Begin the copy at the line containing "Taking as the" in the data below and end it at the line containing "透明立方体折射彩虹光带", keeping each line exact and leaving out pictures.

========================================

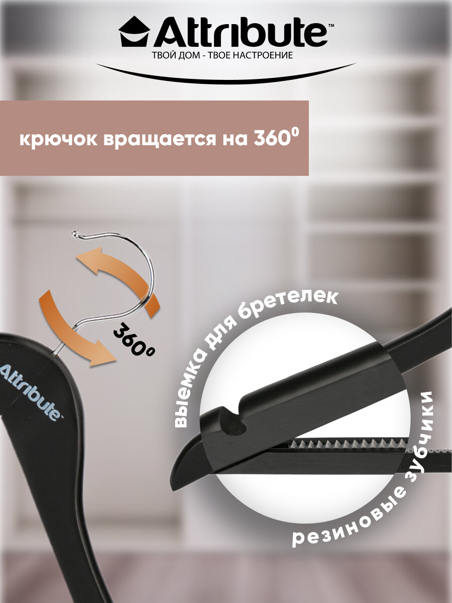 набор вешалок ATTRIBUTE Siluet Black 4шт 44см универсальные дерево, металл
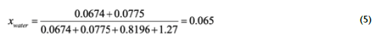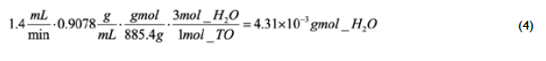 Taking as the basis of calculation the vegetable oil and aqueous ethanol flow rates of I.4 mL/min and 0.9 mL/min, as indicated in Table 1 for runs 2-9, and the measured densities of 0.9078 g/mL and 0.9854 g/mL, the theoretical mass fraction of water in the mixture before reaction can be calculated as 3.I2 wt.%. However, a higher temperature employed in runs 3-6 results in an increased amount of water possibly being formed during glycerol etherification. According to Eq (3), each mole of reacted triolein produces 3 moles of water. Then, the water that could be produced if all the TO reacted to produce glycerol, which is subsequently etherified to produce glycerol ethers and water, can be stoichiometrically calculated as:
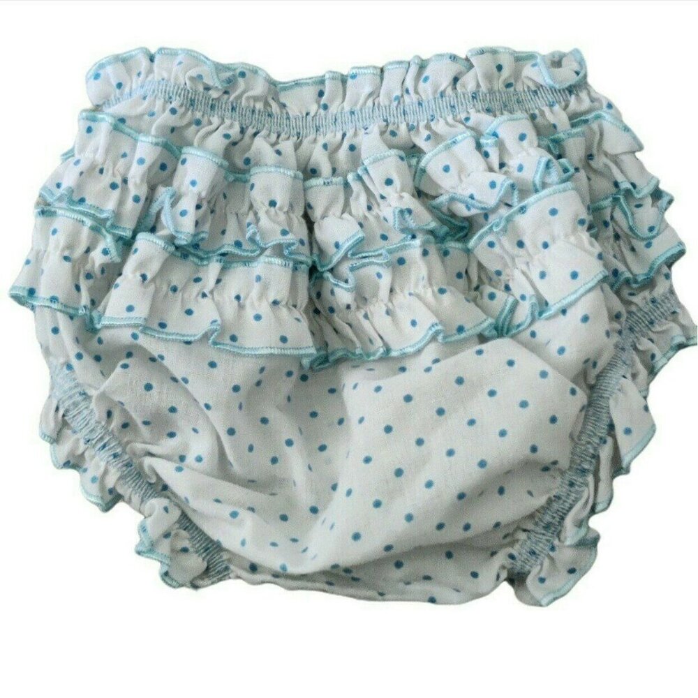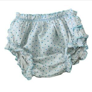 #Handmade #ruffled #bloomers in lovely lightweight #cotton. #White with #blue #polkadots. Soft elastic. These have no size tag but I think I bought them for around the 3/6 month mark. Never washed or worn by us.
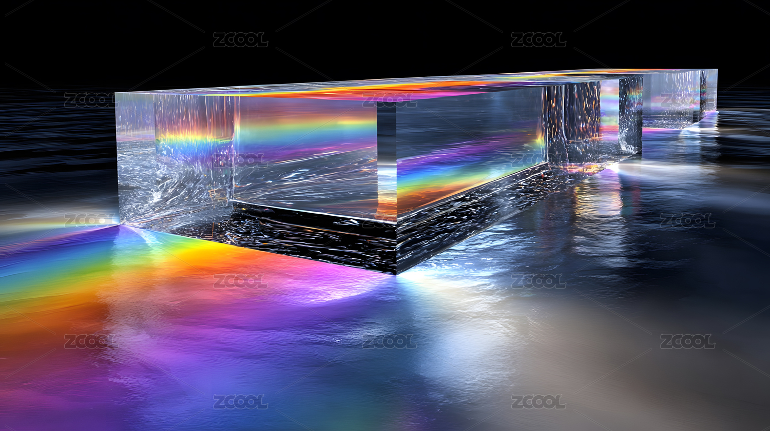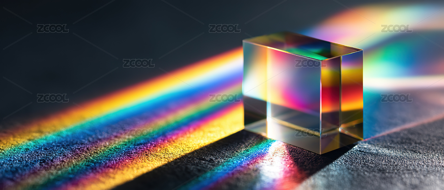 透明立方体折射彩虹光带
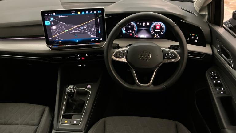 The Volkswagen Golf Hatch Match 1.5 TSI 115PS presents a polished blend of style and practicality. Finished in a striking Grenadilla Black Metallic, it offers a contemporary look that balances elegance with understated sportiness. Its five-door layout enhances accessibility, making it a sensible choice for both city commuting and longer journeys.Under the bonnet, the 1.5-litre TSI engine delivers a smooth and responsive drive, paired with a six-speed manual transmission that gives the driver a connected, engaging experience. The handling remains composed, with confident steering and a suspension setup that manages road imperfections with ease, ensuring comfort without sacrificing agility.Inside, convenience features such as keyless entry and a rear view camera add a modern touch, while the 1-year Approved Used Warranty provides reassurance for buyers. Overall, this Golf Hatch Match combines practicality, style, and dependable performance in a package that remains appealing to a wide range of drivers..Manufacturer Approved, Front and rear electric windows, Rear windscreen washer and wiper with interval delay, Rear tinted glass 65% light absorbing from B pillar backwards, Heat insulating windshield made of laminated glass, ABS, Rear disc brakes, Electronic parking brake with auto hold, ESC (Electronic Stability Control), Volkswagen roadside assistance, Autonomous emergency braking front assist with pedestrian and cyclist monitoring, Wireless app connect, We connect preparation, E-Sim card for online connectivity, Lane assist, Dynamic road sign display, Oncoming vehicle braking when turning including swerve support, Activated carbon canister, Speed limiter, Multifunction front facing camera for distance control, Adaptive cruise control (ACC), Navigation system, Speedo, rev counter, electronic odometer, trip, service interval display, exterior temperature and fuel gauge, eCall emergency call system, We connect plus preparation
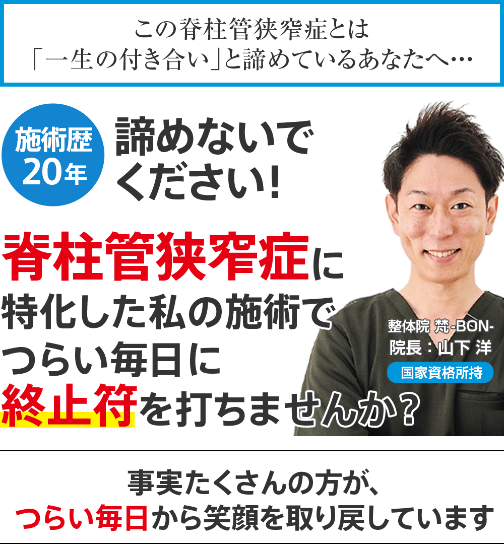 根本的に脊柱管狭窄症を改善されたい方は是非一度、山下先生に相談してみてください!

========================================

◆ Expected answer:
 Taking as the basis of calculation the vegetable oil and aqueous ethanol flow rates of I.4 mL/min and 0.9 mL/min, as indicated in Table 1 for runs 2-9, and the measured densities of 0.9078 g/mL and 0.9854 g/mL, the theoretical mass fraction of water in the mixture before reaction can be calculated as 3.I2 wt.%. However, a higher temperature employed in runs 3-6 results in an increased amount of water possibly being formed during glycerol etherification. According to Eq (3), each mole of reacted triolein produces 3 moles of water. Then, the water that could be produced if all the TO reacted to produce glycerol, which is subsequently etherified to produce glycerol ethers and water, can be stoichiometrically calculated as:
 #Handmade #ruffled #bloomers in lovely lightweight #cotton. #White with #blue #polkadots. Soft elastic. These have no size tag but I think I bought them for around the 3/6 month mark. Never washed or worn by us.
 透明立方体折射彩虹光带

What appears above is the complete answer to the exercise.